纤维张力对复合材料管道缠绕轨迹影响分析

玻璃钢/复合材料 ›› 2018, Vol. 0 ›› Issue (2): 41-46.

纤维张力对复合材料管道缠绕轨迹影响分析

田建德¹, 刘保全¹, 马美琴¹, 张剑^2*

1.衡橡科技股份有限公司,河北053000;
2.哈尔滨理工大学自动化学院,哈尔滨150080

收稿日期:2017-03-14 出版日期:2018-02-28 发布日期:2018-02-28
通讯作者: 张剑(1993-),男,研究生,主要从事机器人应用、复合材料成型张力控制优化方面的研究,1063548627@qq.com。
作者简介:田建德(1972-),男,高级工程师,主要从事化工机械方面的研究。

FIBER TENSION ON THE ANALYSIS OF COMPOSITE WINDING TRACK

TIAN Jian-de¹, LIU Bao-quan¹, MA Mei-qin¹, ZHANG Jian^2*

1.Hengshui Rubber Co., Ltd., Hebei 053000, China;
2.School of Automation, Harbin University of Science and Technology, Harbin 150080, China

Received:2017-03-14 Online:2018-02-28 Published:2018-02-28

摘要/Abstract

摘要： 为实现复合材料管道纤维缠绕优质成型,纤维张力起关键作用,其张力波动的程度直接影响复合材料管道成型的性能。为减小缠绕过程中张力大小差异,规划缠绕轨迹时需考虑纤维张力的影响,提出在机械臂末端增添预设张力负载的方法规划缠绕轨迹。建立六自由度机械臂缠绕模型,用MATLAB对机械臂的缠绕轨迹进行设计,通过建立MATLAB与ADAMS的联合仿真平台,对有无张力负载下的机械臂末端质心位移曲线进行仿真分析,并搭建张力控制实验平台,进行机械臂末端有无张力负载复合材料管道的纤维缠绕实验,实验表明有张力负载下规划的缠绕轨迹能有效抑制缠绕过程中张力的波动程度。
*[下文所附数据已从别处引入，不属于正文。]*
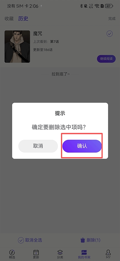 2、勾选你要需要清除的漫画并点击右下角删除键,也可以点击左下角全选一键删除全部历史记录;

关键词: 纤维张力, 复合材料管道, 缠绕轨迹, 机械臂, 仿真分析

Abstract: In order to realize the high-quality formation of filament-wound composite pipes, the fiber tension plays a key role and the degree of the tension fluctuation directly affects the performance of composite pipes molding. In order to reduce the differences between the tension levels in the winding process, the impacts of the fiber tension should be taken into account when the winding trajectory is projected and the method of adding the preset tension load to the end of the manipulator ought to be proposed. Also, establishing a wound model of sixfreedomdegrees’robotic arms and using the kinematic equations to find solutions. Meanwhile, needing to design a winding track by means of establishing a MATLAB and ADAMS cosimulation platform and the winding track affected by the tension issimulated. At the same time, it’s also necessary to perform the winding experiment about the composite pipe fiber with or without tension load at the end of the mechanical arms. Finally, the simulation results suggest that the winding trajectory under the tension load can effectively restrain the fluctuation of the tension in the winding process.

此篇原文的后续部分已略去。